REQUIRED WORK:
The reply must contain exactly the lines below from the one with "Hesi Questions and" down to the one with "The Basic Linen", both included, and nothing more; please omit the pictures.

RECORDS SUPPLIED:
'''

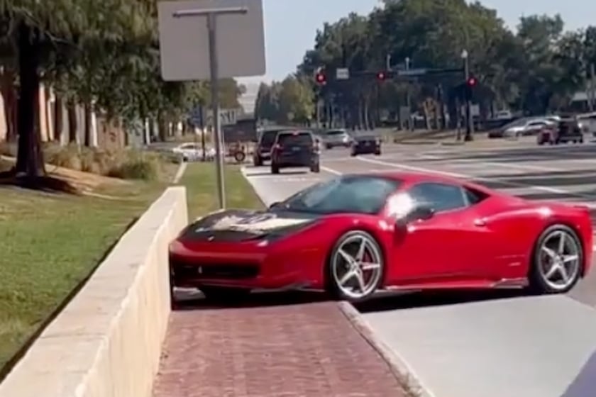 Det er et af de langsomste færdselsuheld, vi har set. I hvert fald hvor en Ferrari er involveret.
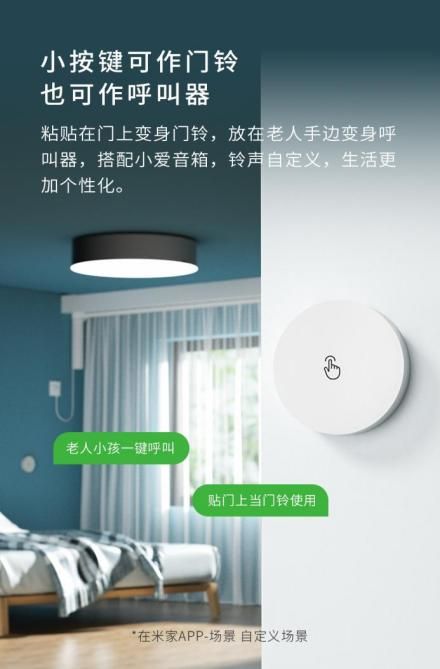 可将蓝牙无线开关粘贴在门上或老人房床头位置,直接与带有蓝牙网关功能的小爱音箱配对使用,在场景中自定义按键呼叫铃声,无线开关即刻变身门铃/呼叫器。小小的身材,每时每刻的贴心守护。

'''
'''

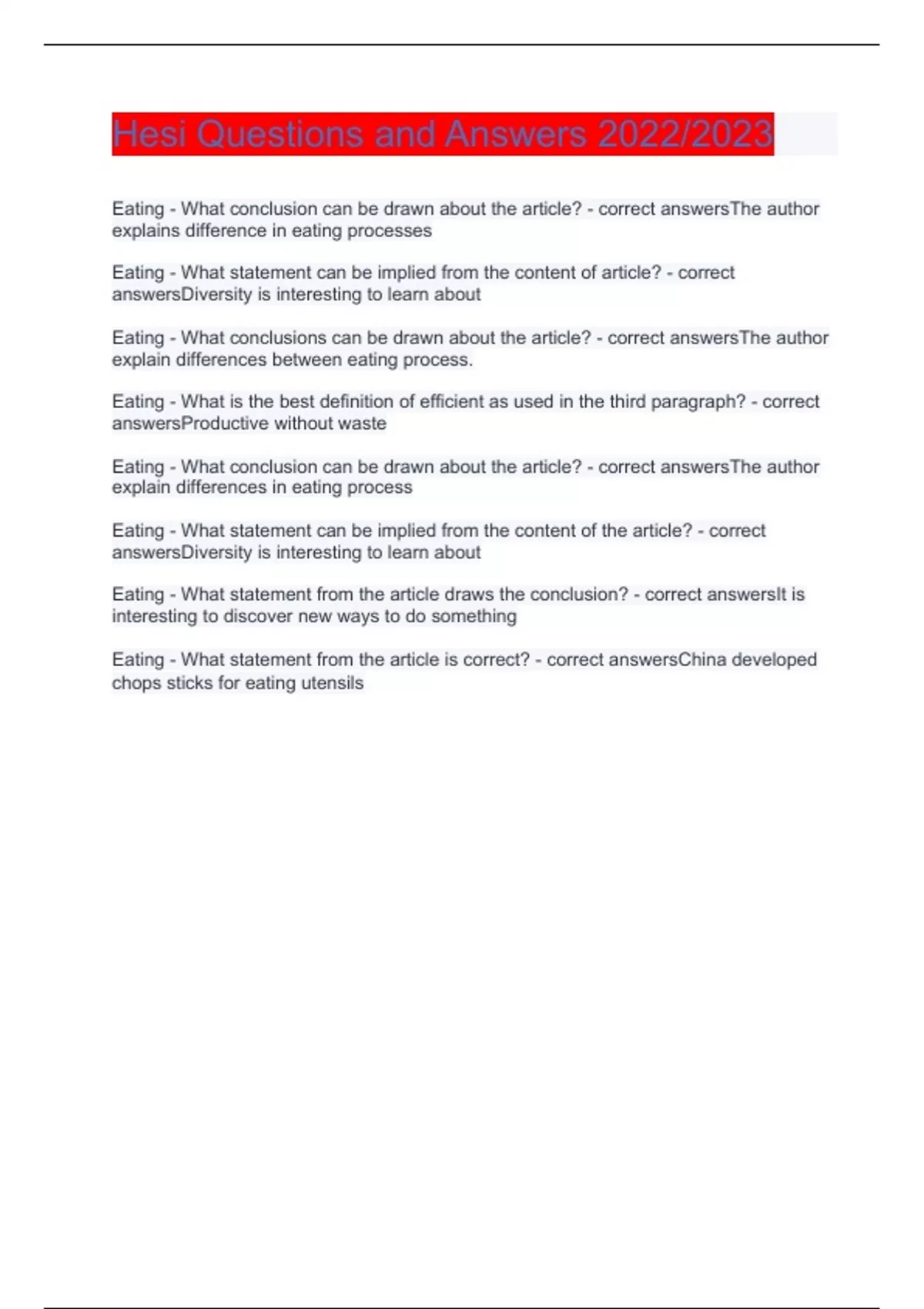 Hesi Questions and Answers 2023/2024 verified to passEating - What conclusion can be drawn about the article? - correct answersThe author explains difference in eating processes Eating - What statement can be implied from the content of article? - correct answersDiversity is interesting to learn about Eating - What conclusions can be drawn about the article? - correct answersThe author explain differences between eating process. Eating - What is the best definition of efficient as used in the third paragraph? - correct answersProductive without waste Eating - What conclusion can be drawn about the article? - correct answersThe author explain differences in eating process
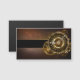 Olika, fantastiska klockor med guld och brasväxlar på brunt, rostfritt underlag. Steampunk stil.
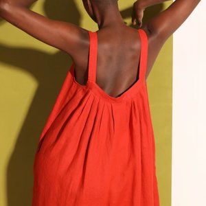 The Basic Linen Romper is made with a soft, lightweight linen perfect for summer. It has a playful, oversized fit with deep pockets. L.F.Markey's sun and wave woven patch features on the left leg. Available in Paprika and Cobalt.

'''
'''

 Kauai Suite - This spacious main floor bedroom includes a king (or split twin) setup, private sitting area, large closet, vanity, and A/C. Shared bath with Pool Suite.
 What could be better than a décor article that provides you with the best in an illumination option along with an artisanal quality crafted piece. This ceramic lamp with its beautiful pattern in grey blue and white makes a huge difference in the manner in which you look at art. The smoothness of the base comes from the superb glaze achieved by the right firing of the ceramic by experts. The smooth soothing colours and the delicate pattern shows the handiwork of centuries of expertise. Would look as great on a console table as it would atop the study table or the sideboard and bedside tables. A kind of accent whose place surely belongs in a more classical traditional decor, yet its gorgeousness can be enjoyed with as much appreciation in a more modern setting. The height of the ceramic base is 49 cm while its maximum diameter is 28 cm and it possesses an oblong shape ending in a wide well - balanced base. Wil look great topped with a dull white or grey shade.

'''

EXPECTED ANSWER:
 Hesi Questions and Answers 2023/2024 verified to passEating - What conclusion can be drawn about the article? - correct answersThe author explains difference in eating processes Eating - What statement can be implied from the content of article? - correct answersDiversity is interesting to learn about Eating - What conclusions can be drawn about the article? - correct answersThe author explain differences between eating process. Eating - What is the best definition of efficient as used in the third paragraph? - correct answersProductive without waste Eating - What conclusion can be drawn about the article? - correct answersThe author explain differences in eating process
 Olika, fantastiska klockor med guld och brasväxlar på brunt, rostfritt underlag. Steampunk stil.
 The Basic Linen Romper is made with a soft, lightweight linen perfect for summer. It has a playful, oversized fit with deep pockets. L.F.Markey's sun and wave woven patch features on the left leg. Available in Paprika and Cobalt.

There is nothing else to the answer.